TEMPO Interaktif, Ambon - Ketua Komnas HAM Perwakilan Perwakilan Maluku, Emmy Tahapary, menuding Kepolisian Daerah Maluku melakukan pembiaran konflik yang terjadi di Saparua dan Haruku, Maluku Tengah. “Ada faktor pembiaran karena baru menurunkan pengamanan pagi ini,” kata Tahapary kepada wartawan usai pelantikan pengurus Aliansi Jurnalis Indonesia (AJI) Ambon, di Rumah Kopi Balabu, Sabtu siang, 11 Februari 2012.
Menurut Tahapary, dari kedua peristiwa yang terjadi di Palau Saparua dan Pulau Haruku, Komnas HAM Maluku sudah mendapatkan laporan sejak Kamis pagi, 9 Februari 2012. Namun Polda Maluku baru menurunkan personel di kedua daerah yang bertikai Sabtu pagi, 11 Februari 2012.
Bentrok antarwarga di Desa Pelauw dengan Desa Rohomoni, Haruku, Maluku Tengah, terjadi kedua kalinya pada Jumat, 10 Februari 2012, sekitar pukul 20.15 WIT. Pemicunya, pertikaian soal penetapan tanggal peresmian rumah adat antara Salampessy muka dengan Salampessy belakang.
Akibatnya, lima orang tewas. Dua dari Salampessy belakang dan tiga orang dari Salampessy muka. Selain itu belasan orang luka-luka dan 230 rumah dibakar.
Peristiwa pertama terjadi pada Rabu, 8 Februari 2012. Namun polisi berhasil mengatasi pertikaian tersebut, dan berlanjut pada Jumat malam, saat lampu di kedua desa itu padam.
Baca Juga:
Untuk mengamankan kedua desa itu, Polda Maluku pada Sabtu pagi tadi menurunkan dua Satuan Setingkat Kompi (SSK) ke Desa Pelauw dan Desa Rohomoni. “Polisi diturunkan untuk menyekat agar kedua desa tidak saling serang,” ujar kepala Bidang Hubungan Masyarakat Polda Maluku, Ajun Komisaris Besar Johannis Huwae kepada Tempo, Sabtu siang, 11 Februari 2012.
Menurut Huwae, Polda Maluku juga menurunkan 1 SSK ke Desa Porto dan Haria, saparua, Maluku Tengah, untuk mengamankan kedua desa yang bertikai.
Bentrok antarwarga di Saparua itu menewaskan dua orang dan belasan orang luka-luka terkena tembakan dan serpihan bom rakitan.
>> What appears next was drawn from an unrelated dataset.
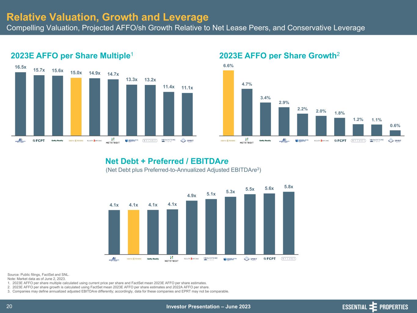 Investor Presentation – June 202319 Differentiated Net Lease Investment Opportunity Portfolio Mix and Underlying Fundamentals are Favorable Relative to Peers Strong Unit-Level Coverage3 & Transparency Service-Oriented & Experience-Based Industries Limited Intermediate-Term Lease Maturities   Source: Public filings and press releases. Note: Data based on most recent reported filings for period ending March 31, 2023, not adjusted for post quarter-end subsequent events. ‘NR’ means not reported. Companies may define service-oriented and experienced-based tenants differently, may calculate weighted average remaining lease term differently, may calculate unit-level coverage differently (including peers on a mean or median basis with EPRT representing a weighted average) and may calculate the percentage of their tenants reporting differently than EPRT. Accordingly, such data for these companies and EPRT may not be comparable. 1. Designations entitled “other” are counted as one industry, even though the “other” segment could represent multiple industries. 2. Investment value includes land and improvements, building and improvements, lease incentives, CIP, intangible lease assets, loans and direct financing lease receivables and real estate investments held for sale, all at cost. 3. EPRT, GTY, O, and SRC coverage based on four-wall. (% of ABR) (% of Rent Expiring through 2026) Less Reliance on Top 10 Tenancy – Fungible Properties  (% of ABR) 2 Total Number of Tenant Industries1 6 16 37 84 37 54 22 32 25 72% % Unit-Level Financial Reporting4 13% NR 49% 92% NR NR99% NR NR $2.4 Average Investment Per Property ($mm)2 $12.3 $6.8 $4.6 $4.1 $2.9 $4.0 $3.3 $2.7 $1.8 13.9 Weighted Average Lease Term (# of Years) 9.4 8.0 10.8 10.9 8.8 10.3 10.4 8.8 9.4 75% 74% 51% 38% 33% 27% 22% 19% 19% 17% 100% 100% 93% 70% 47% 43% 37% 28% 27% 16% FCPT GTY EPRT NNN O SRC BNL WPC ADC NTST 4% 6% 8% 10% 13% 14% 14% 14% 16% 17% 4.6x 3.9x 3.2x 2.9x 2.8x 2.7x NR NR NR NR FCPT EPRT BNL O SRC GTY WPC ADC NNN NTST

Bentrok antarwarga Desa Porto dan Desa Haria berhasil didamaikan pada Desember 2011 lalu. Tapi kedua desa bertetangga itu kembali terlibat konflik setelah dipicu adanya pemukulan terhadap anak sekolah dan pemukulan pengojek. Konflik juga menyebabkan ratusan rumah terbakar.
Johannis Huwae menyebutkan akar persoalan bentrok antara warga di Saparua akibat rebutan air bersih. Karena itu Johannis Huwae menyarankan kepada Pemerintah Provinsi Maluku dan Pemerintah Kabupaten Maluku agar menyiapkan bak penampung air untuk didistribusikan kepada warga di Desa Porto dan desa Haria. “Kondisi terakhir sudah aman terkendali,” tuturnya.